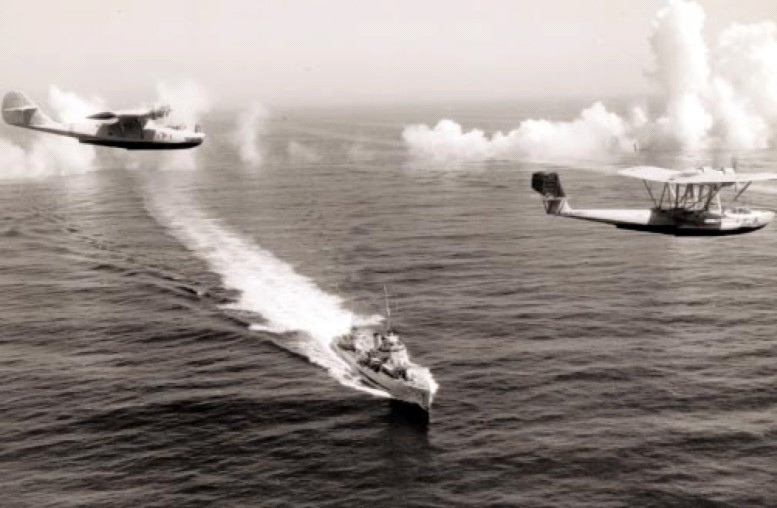 A U.S. Navy Consolidated PBY-1 of patrol squadron VP-11F (left) and a P2Y-3 of VP-7F (right) during an exhibition staged for Movietone News off San Diego, California (USA), 14 September 1936. The aircraft laid a smoke screen (visible in the background) and are flying over the Farragut-class destroyer USS Dale (DD-353).
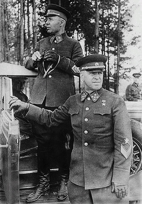 Khalkhyn Gol, Georgiy Zhukov
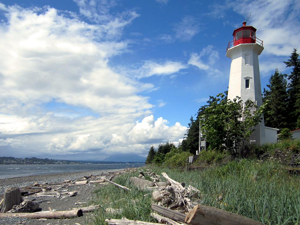 Cape Mudge Lighthouse (1916) on Quadra Island, British Columbia, Canada, overlooks the southern entrance to Discovery Channel.
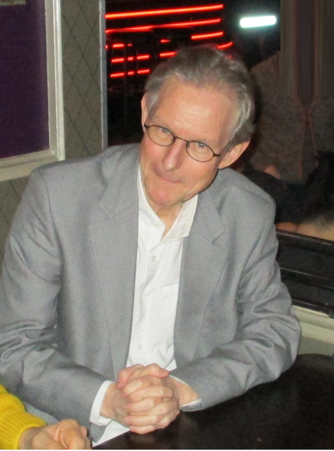 Dr. Ulf SundbergPlace: Hard Rock Café, Stockholm,, Sweden
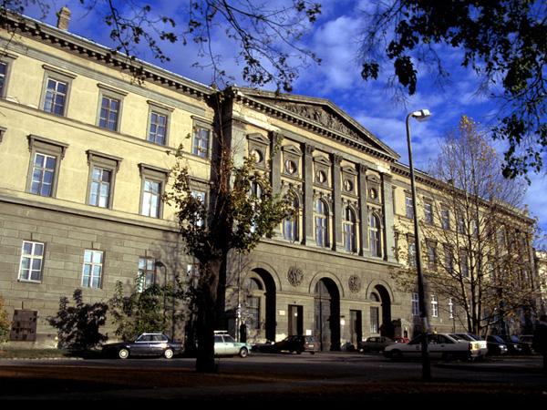 The old 'Ludovika Akademia' building of the University, Ludovika ter, Budapest
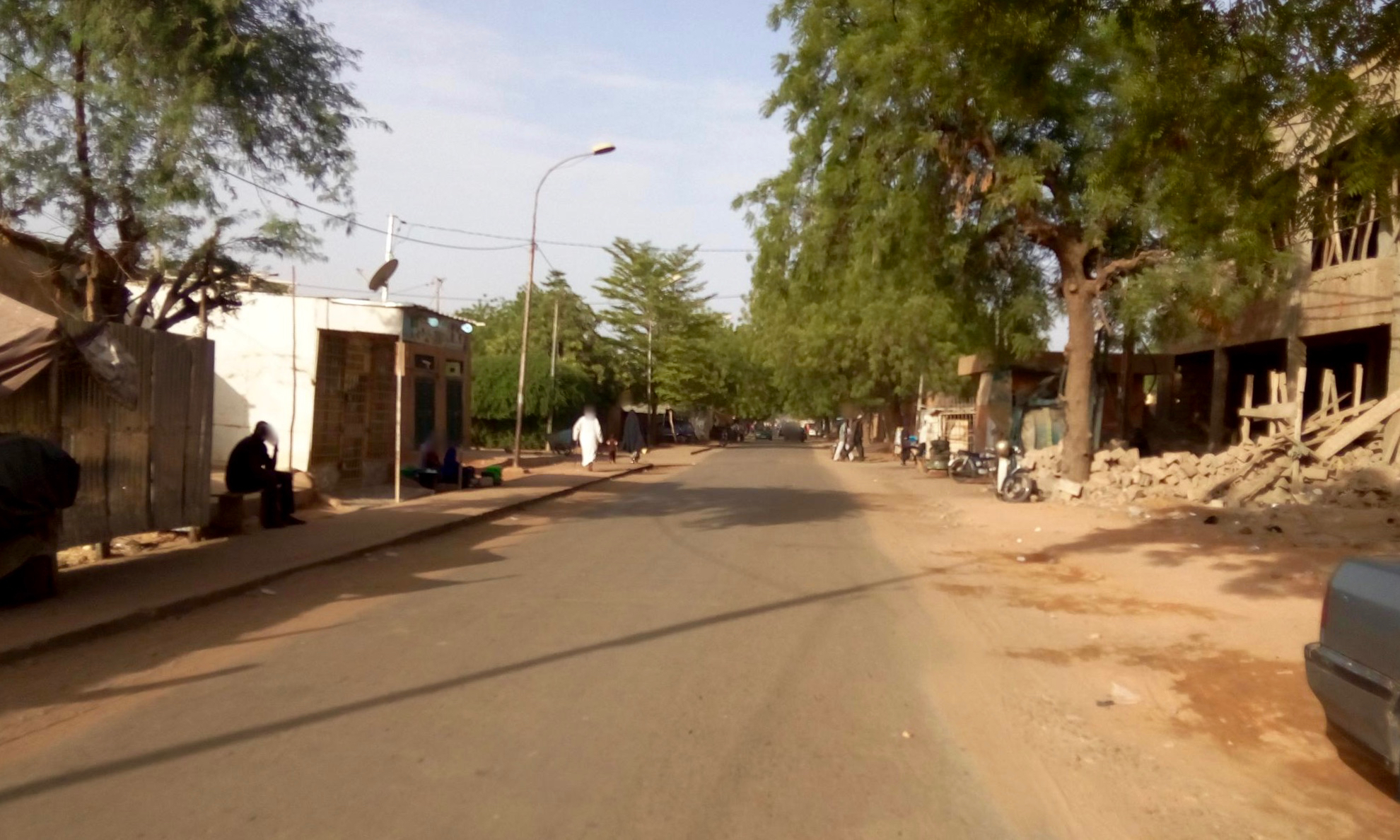 Rue du Togo in Kalley Est, Niamey.
☆ ☆ ☆ ☆
# [Instructions to follow]
Print exactly the lines from the first line of the records above through the line containing "Cape Mudge Lighthouse", leaving out the pictures.

# [Output below]
 A U.S. Navy Consolidated PBY-1 of patrol squadron VP-11F (left) and a P2Y-3 of VP-7F (right) during an exhibition staged for Movietone News off San Diego, California (USA), 14 September 1936. The aircraft laid a smoke screen (visible in the background) and are flying over the Farragut-class destroyer USS Dale (DD-353).
 Khalkhyn Gol, Georgiy Zhukov
 Cape Mudge Lighthouse (1916) on Quadra Island, British Columbia, Canada, overlooks the southern entrance to Discovery Channel.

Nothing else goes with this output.